Software giant releases beta version of technology for rich Web apps, revealing new features it says will make greater impact on enterprise software.
Written by Vivian Yeo, Contributor

LOS ANGELES--Microsoft has unveiled the beta version of Silverlight 4, where one of the core development areas focuses on enabling "great business applications", company executives say.

Scott Guthrie, corporate vice president at Microsoft's .NET developer platform, said in his keynote Thursday at the company's Professional Developer Conference here, that Silverlight 4 offers a range of standard controls features that include printing support, a Rich Text editor, access to clipboard, drag-and-drop support, and HTML hosting support.

The Silverlight team has also added new sandbox features, such as the capability to build trusted apps outside of the sandbox. In addition, tooling support for Silverlight in Visual Studio 2010 are now available to developers.

Development work for the beta release also looked at two areas of emphasis: media, and data and networking. New features here include Webcam and microphones, multicast streaming, databinding improvements and Windows Communication Foundation RIA Services, which allow applications to work with any data and server. Silverlight 4 also has localization enhancements that, for example, supports right-to-left text and complex scripts such as Arabic and Thai, Guthrie noted.

Microsoft will also extend official support for Google Chrome browser in Silverlight 4, he added.

Terming the beta release as "major", he noted that Silverlight 4 is twice as fast as its predecessor in terms of code generation performance. It also promises 30 percent faster setup, he said.

The new version, Guthrie added, was built based on feedback from the developer community. Earlier this year, Microsoft invited developers to submit features they would like included in the next Silverlight release and opened up the suggestions for voting. Nine out of the 10 most popular features, accounting for around 70 percent of all recommendations, were incorporated into Silverlight 4.
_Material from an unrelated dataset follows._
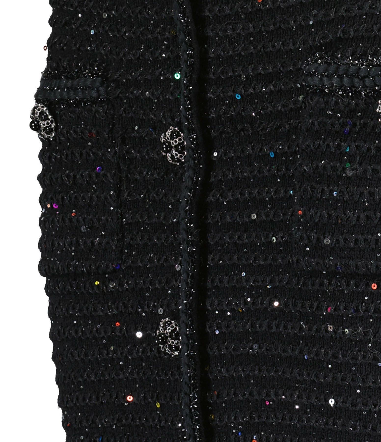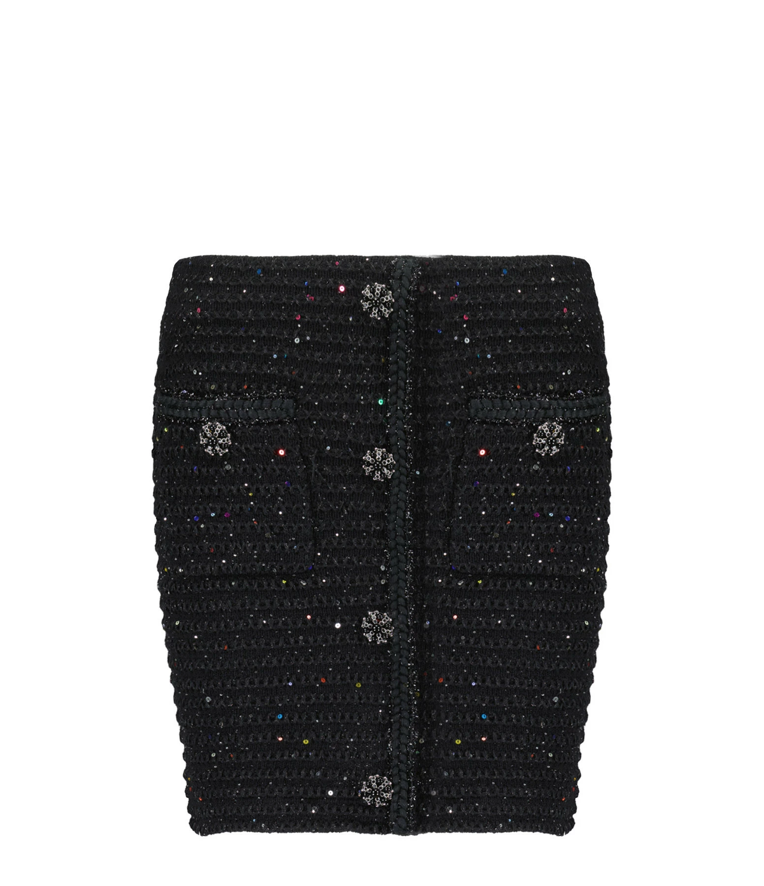 Jupe courte en maille noire et sequins multicolores. Deux poches avant fermés par boutons pressions. Taille élastiquée. Boutons décoratifs noirs et argentés.

The new release is expected to ship in the first half of 2010.

According to Guthrie, during the launch of Silverlight 3 in July, the Web development platform was installed on 33 percent of the world's Internet-connected devices. Today, that number has grown to 45 percent and adoption is "accelerating rapidly", he said.

In July, Microsoft's lead for developer and platform evangelism Walid Abu-Hadba, said half of the world's devices connected to the Web would have Silverlight by 2010.
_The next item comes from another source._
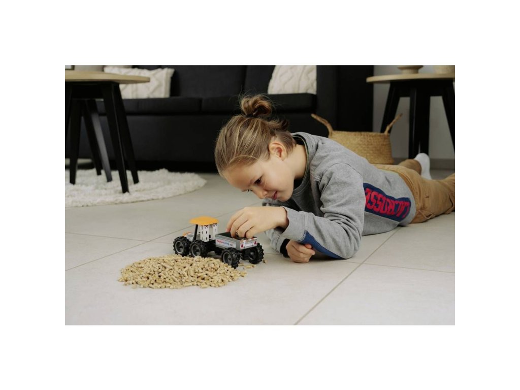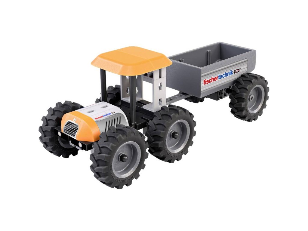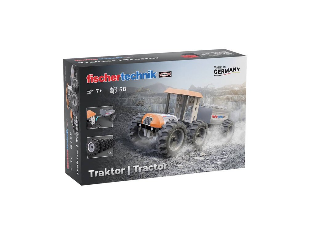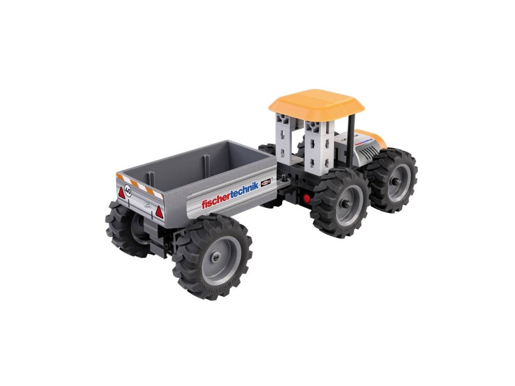 Traktor fischertechnik přináší na staveniště sílu a všestrannost. Díky robustní konstrukci a velkým kolům je vhodný do všech terénů. Jeho přívěs je ideální pro přepravu stavebních materiálů. Jeho odolné komponenty a nový barevný vzhled z něj dělají oblíbený model všech mladých techniků. Traktor se snadno sestavuje pomocí ilustrovaného návodu.

The development platform has over the last few months gained significant traction, he said, noting that sporting entities such as Wimbledon and National Football League, have also chosen it as a platform to deliver content to consumers.

On the enterprise end, Bloomberg has also installed Silverlight on over 300,000 terminals across its organization for "building and deploying mission-critical apps online", according to Microsoft. The news agency's first Silverlight application was a trading app that allows traders to predict the impact of severe weather on gasoline prices.

An eye on enterprise
In an interview with ZDNet Asia, Brian Goldfarb, Microsoft's director of developer platform and tools, reiterated the emphasis on business.
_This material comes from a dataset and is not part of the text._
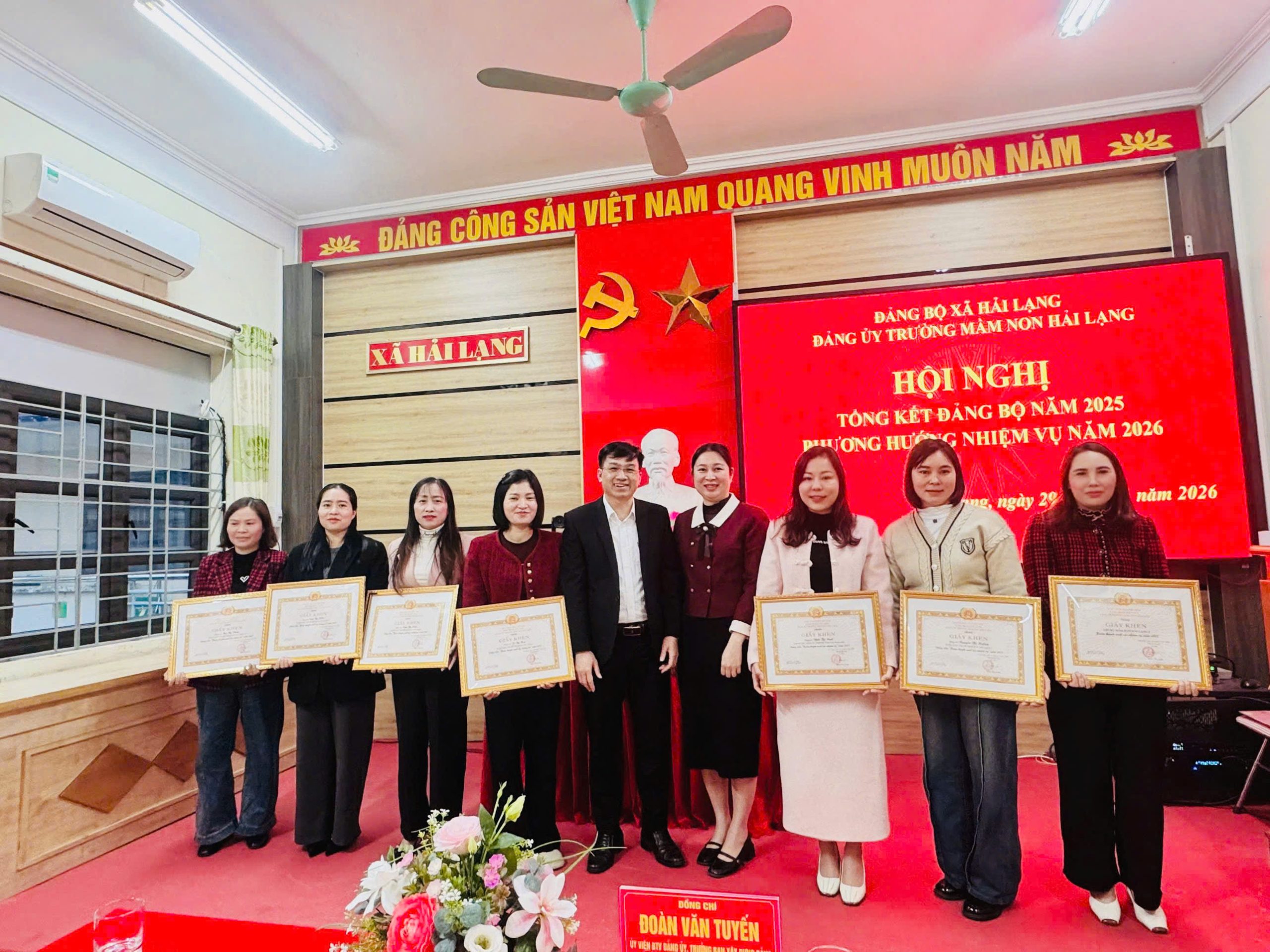 Nhân dịp này, Hội nghị đã khen thưởng 01 tập thể và 06 cá nhân có thành tích tiêu biểu, hoàn thành xuất sắc nhiệm vụ năm 2025. Tập thể được khen thưởng: Chi bộ Mầm non Hải Lạng 03 – tập thể đoàn kết, trách nhiệm, hoàn thành xuất sắc nhiệm vụ năm 2025.

"Silverlight 4 was really deeply focused on bringing together the portfolio of technology required to build any line-of-business applications. Whether it's switch-data access using RIA Services, to file printing support, to many of other advancements around bi-directional [text]...[to] being able to support Asian [characters], right-to-left, multi-byte characters, [we've taken] huge steps there to meet the demands of the worldwide audience," Goldfarb said.

Microsoft has shipped three releases of Silverlight within the last 22 months and will continue the momentum, as "rapidly innovating is critical" to compete against the likes of Flash, Flex and Air, he said, referring to Adobe's products. "Our rapid cycle was getting us to parity and beyond."

Vivian Yeo reported from the Microsoft Professional Developer Conference in Los Angeles, California.